Into the night —

NASA starts building ice-hunting Moon rover

VIPER is NASA’s first rover to need headlights.

Artist's concept of the VIPER rover working in lunar darkness.
Enlarge / Artist's concept of the VIPER rover working in lunar darkness.

The search for ice at the Moon’s poles has loomed large in the field of lunar science since an instrument on an Indian satellite discovered water molecules inside shadowed crater floors more than a decade ago. NASA is now assembling a golf cart-size rover to drive into the dark polar craters to search for ice deposits that could be used by future astronauts to make their own rocket propellant and breathable air.

“A large group of people have been working on this idea for 10-plus years,” said Anthony Colaprete, project scientist for NASA’s Volatiles Investigating Polar Exploration Rover (VIPER) mission.

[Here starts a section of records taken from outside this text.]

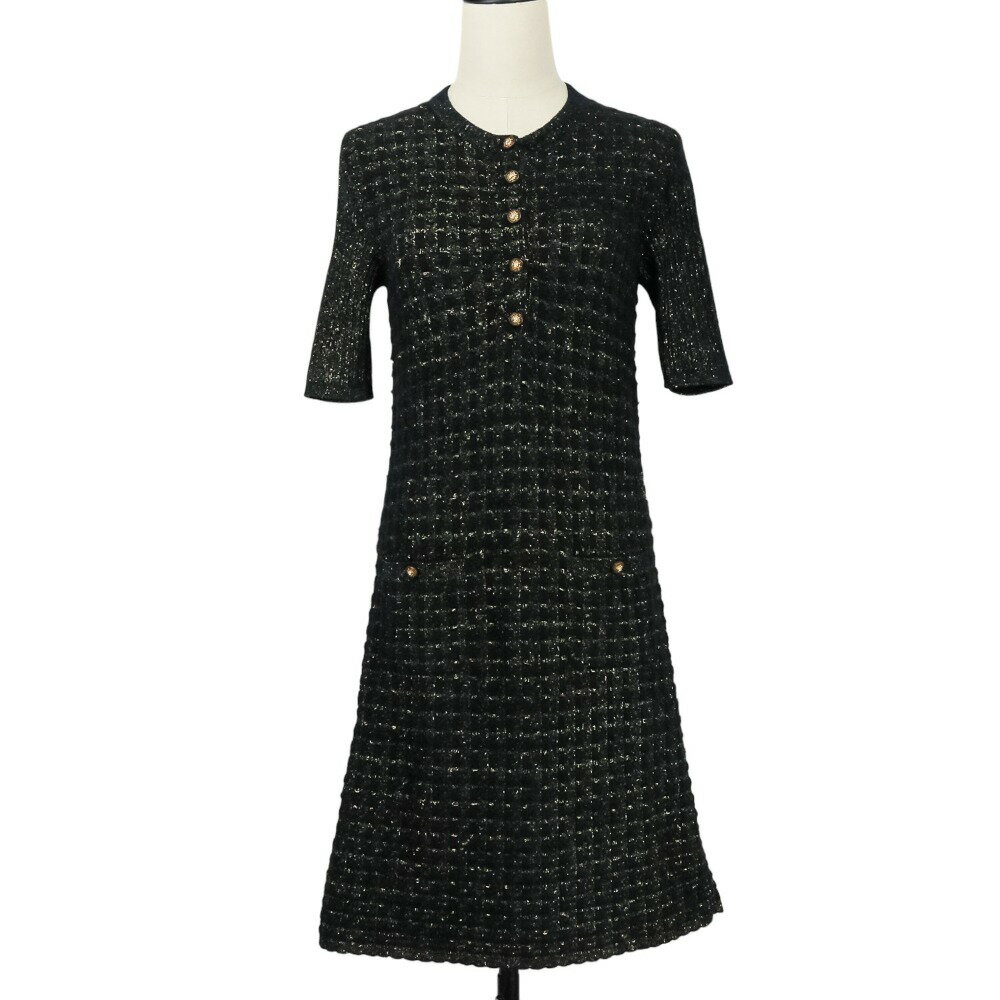 【中古】美品 CHANEL シャネル ライオンボタン ラメニットドレス ワンピース P57107 サイズ34 ブラック ゴールドカラー レディース Luxs ブランド古着のリュクス
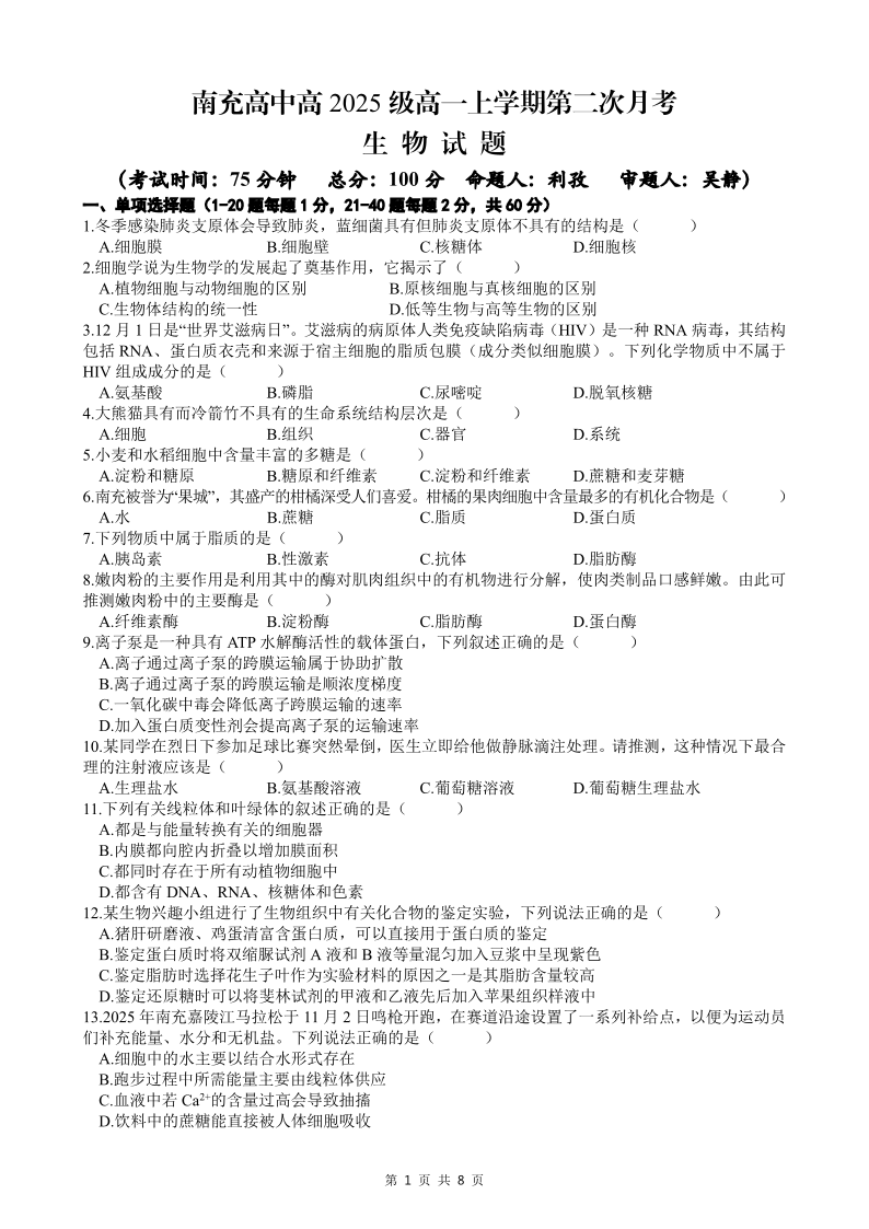 南充高中高2025级高一上学期第二次月考 生物.pdf
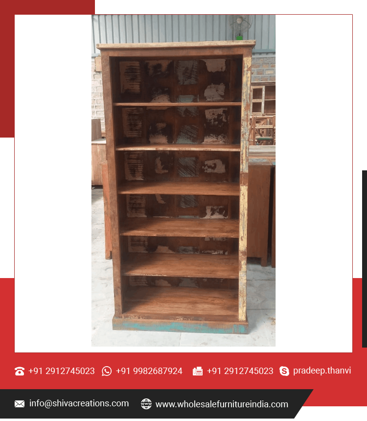 Bulk Wholesale Direct Supplier's Customized Antique Reclaimed Wood Open Bookrack Rustic Vintage Boat Bookcase Living Room Bedroom Outdoor Hotel
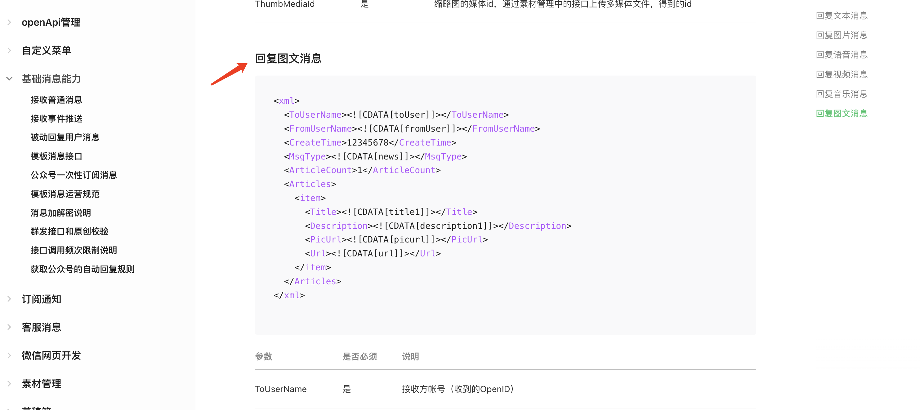 被动回复:https://developers.weixin.qq.com/doc/offiaccount/Message_Management/Passive_user_reply_message.html#%E5%9B%9E%E5%A4%8D%E5%9B%BE%E6%96%87%E6%B6%88%E6%81%AF
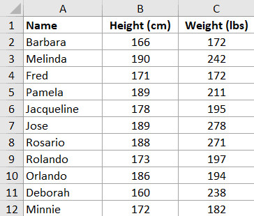Giả sử bạn có một tập dữ liệu gồm 10 người, với hai thông số là Chiều cao (Cột B) và Cân nặng (Cột C). Bạn muốn xác định xem liệu người cao hơn có xu hướng nặng hơn không.
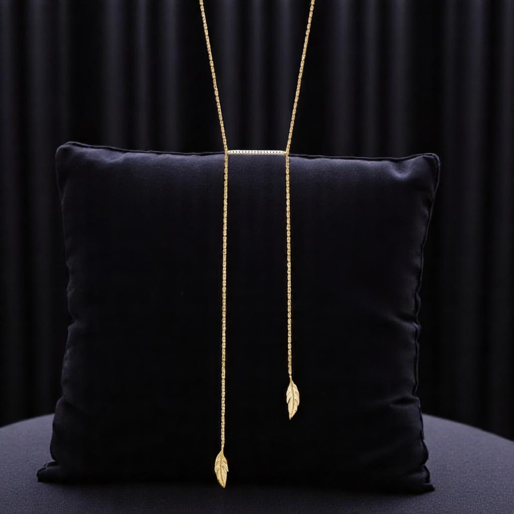 Le collier deux plumes pendantes plaqué or 750 avec barre sertie d’oxyde de zirconium célèbre légèreté et spiritualité avec contraste bicolore sophistiqué. Les 2 plumes évoquent liberté et sagesse tandis que le design 2 tons apporte dimension moderne, créant un bijou qui sublime votre cou avec brillance scintillante et raffinement spirituel harmonieux.
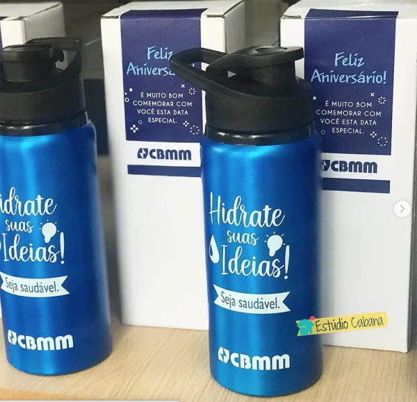 Incentivo ao Bem-Estar – Mais do que um item útil, o squeeze representa o cuidado da marca com a hidratação e os hábitos saudáveis da sua equipe.
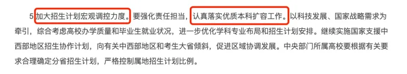 這也是落實《教育強國建設規劃綱要(2024-2035年)》的部署:有序擴大優質本科教育招生規模。
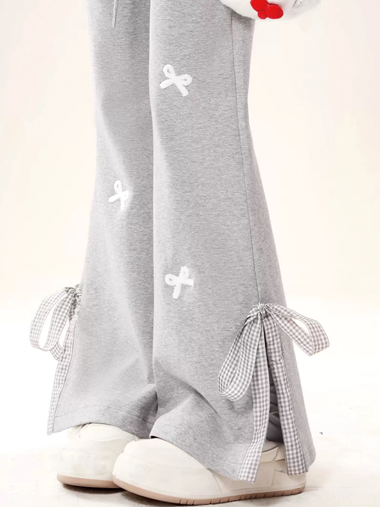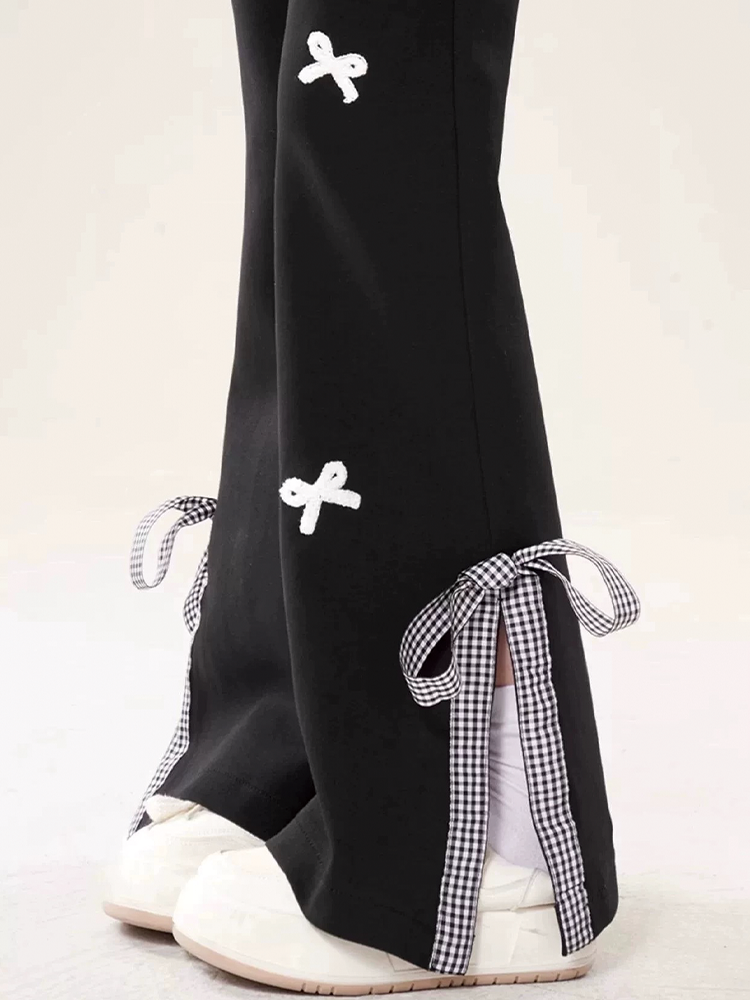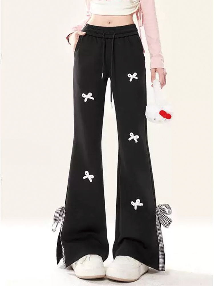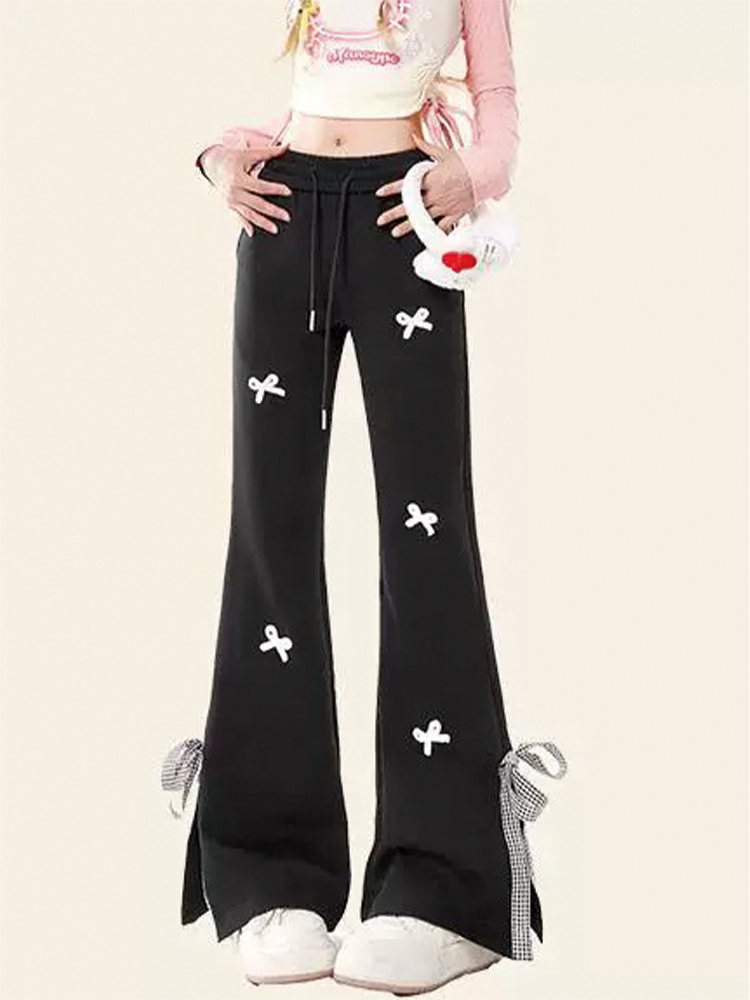 Sweet Girl Style Bow-Knot Patchwork Casual Sweatpants for Women, Preppy High-Waisted Split Flared Straight-Leg Versatile Sports Pants
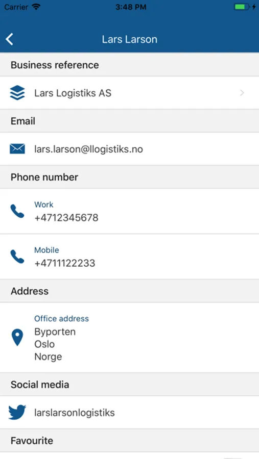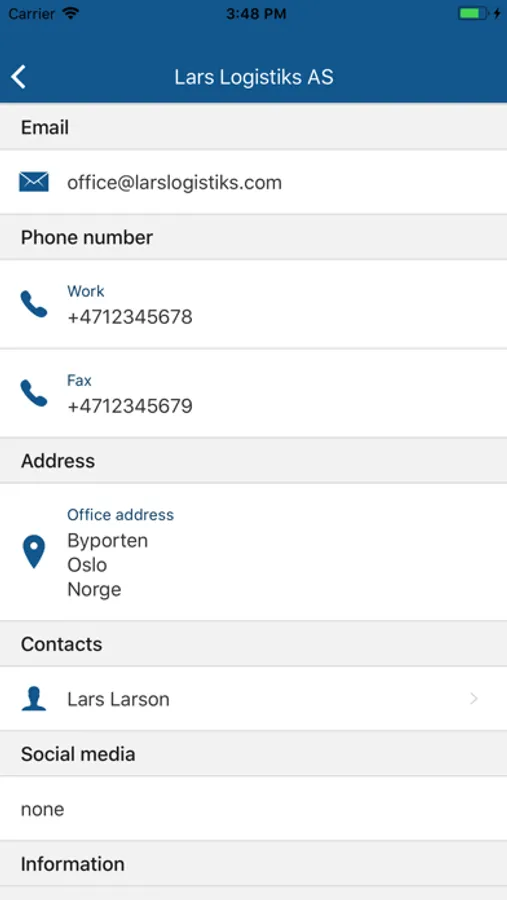 Gain access to customers, suppliers and your contacts directly from your mobile phone. With this app you can easily find contact information such as telephone numbers and addresses and with a simple tap you can call, send SMS or e-mail. You can also bookmark favorites to get faster access and look them up in social media or find the addresses on Google maps.
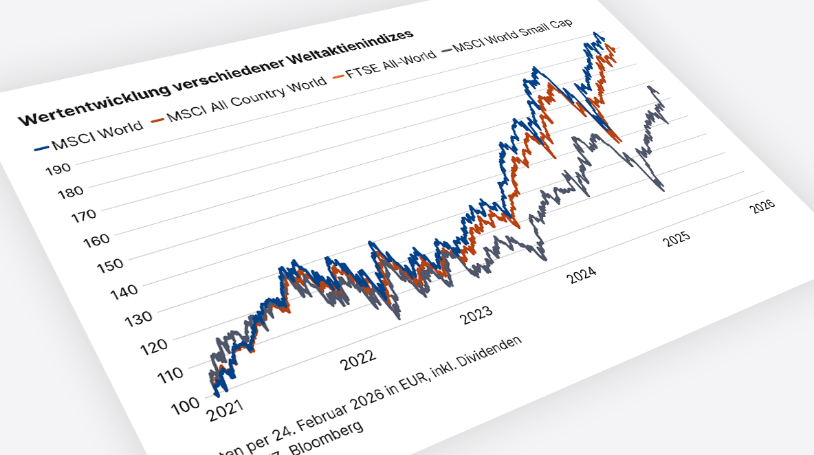 Die Auswirkungen zeigen sich in der teils stark abweichenden Rendite, die in den vergangenen fünf Jahren erzielt werden konnte (siehe Grafik unten). Es fällt aber auf, dass der FTSE All-World und der MSCI All Country World sich trotz der unterschiedlichen Aktienanzahl fast identisch entwickelt haben. 2025 haben die beiden Indizes über einen Prozentpunkt besser abgeschnitten als der MSCI World. Dies ist auf die positive Wertentwicklung von Schwellenländeraktien zurückzuführen.
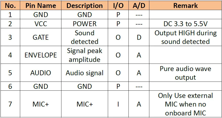 1. Низкая стоимость, простота в использовании. 2, усиление = 510, и его можно настроить, установив резистор 3, встроенный микрофон или внешний микрофон 4, цифровой выход, если звуковой вход или нет 5, аналоговый выход для значения звукового входа 6, аудиовыход сигнала для аудио приложения
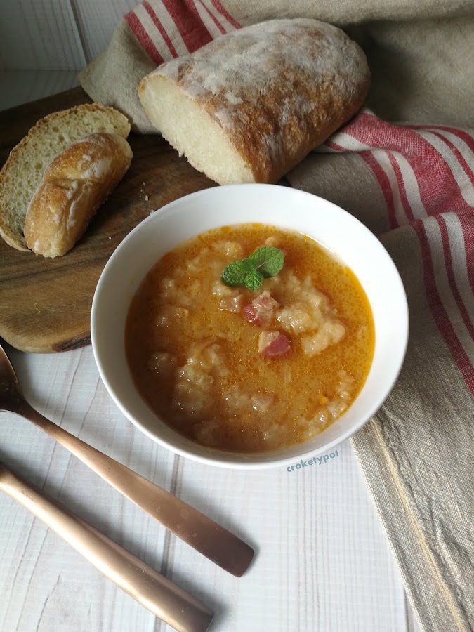 INGREDIENTES: Pan del día anterior, ajo, pimentón dulce, unos tacos de jamón (opcional) y caldo básico Aneto de pollo.
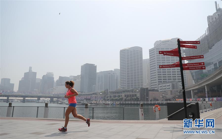 11月21日,在濃煙籠罩下的澳大利亞悉尼達(dá)令港,一名女子在港口步道上跑步。澳大利亞東部近期林火肆虐,悉尼所在的新南威爾士州自進(jìn)入今年林火季以來(lái),過火面積超過100萬(wàn)公頃。林火造成悉尼濃煙圍城,市民生活受到影響。新華社記者白雪飛攝

Earlier this year, engineers at NASA’s Johnson Space Center in Houston started building the rover’s chassis. In June, the space agency formally approved VIPER’s team to move into full-scale assembly and testing ahead of the rover’s scheduled launch in November 2024.

A new kind of rover

The four-wheel rover looks different compared to NASA’s nuclear-powered robots exploring Mars. VIPER is designed to drive into dark craters, places where sunlight hasn’t reached for billions of years. Scientists have detected evidence that those cold, shadowed crater floors harbor water ice at or near the surface, where it could be harvested by astronauts.

“Because it goes into dark places, it is the first rover with headlights,” Colaprete said Tuesday in a presentation at the NASA Exploration Science Forum. The LED headlights will cast a blue tint on the Moon’s charcoal-colored landscape.

VIPER will also be operated differently than NASA’s Mars rovers. It takes a radio signal between 5 to 20 minutes to travel at the speed of light between Earth and the red planet, but just a few seconds to make the trip to the Moon. That means scientists can control VIPER more like a drone. “We do real-time science,” Colaprete said.

The rover will take daring trips into the eternally dark craters, relying on battery power for up to 50 hours during each traverse that moves VIPER beyond the rays of the Sun, always near the horizon at the lunar poles. The 1,000-pound (450-kilogram) rover will go into hibernation when the wobble of the Moon’s rotation causes the south pole to shift out of view of Earth for two weeks, cutting the direct communications link.

NASA announced the VIPER mission in 2019. VIPER builds on the Resource Prospector mission, which NASA canceled in 2018 as the agency pivoted to a commercial approach for robotic lunar exploration. That resulted in NASA’s Commercial Lunar Payload Services (CLPS) program, which has a roster of companies eligible to bid on “task orders” to ferry science and tech demo payloads to the Moon.

One of those companies is Astrobotic, which NASA selected in 2020 to deliver VIPER to a landing site near Nobile Crater, a 45-mile-wide (73-kilometer) impact basin at the Moon’s south pole. The roughly $200 million commercial delivery arrangement allows Astrobotic to design and build the lander to carry VIPER to the Moon, a system that NASA would have developed—at greater cost—for the original Resource Prospector mission.

Astrobotic selected SpaceX’s Falcon Heavy rocket to launch the company’s Griffin lander, which will shepherd the VIPER rover to the Moon.

The entire mission is projected to cost about $500 million, including the rover, its science payloads, and Astrobotic's contract, which covers the cost of the Falcon Heavy launch.

“We’re chugging along,” Colaprete said Tuesday. “We’re now less than one year from delivery to Astrobotic for integration onto their Griffin lander. So the launch is on the horizon. Our nominal launch is November 10, 2024, with currently a five-month mission duration. We’re looking at ways where we might be able to extend that out a month or two beyond that.”

Two of VIPER’s three science instruments have already been integrated into the vehicle in Houston. Then the ground team will attach solar arrays, four 20-inch (50-centimeter) wheels, and a 3-foot-long (1-meter) drill that will probe into the lunar surface to measure the depth of any ice deposits. A suite of cameras will also be installed on the vehicle, as will a mast extending some 8 feet (2.5 meters) over the ground.

Water ice holds a lot of promise for space exploration. The hydrogen and oxygen could be used to generate electricity or rocket fuel or be converted into air to supply pressurized habitats on the Moon. A NASA instrument on India’s Chandrayaan 1 orbiter mission first detected the tell-tale chemical signature of water at the Moon’s poles in 2009.

But first, scientists need to know exactly where the water is located and how easy it is to reach.

“We are going to a place where there is enhanced hydrogen,” Colaprete said. “I personally have no doubt we will see water in some form or another, it’s just a matter of the concentrations.”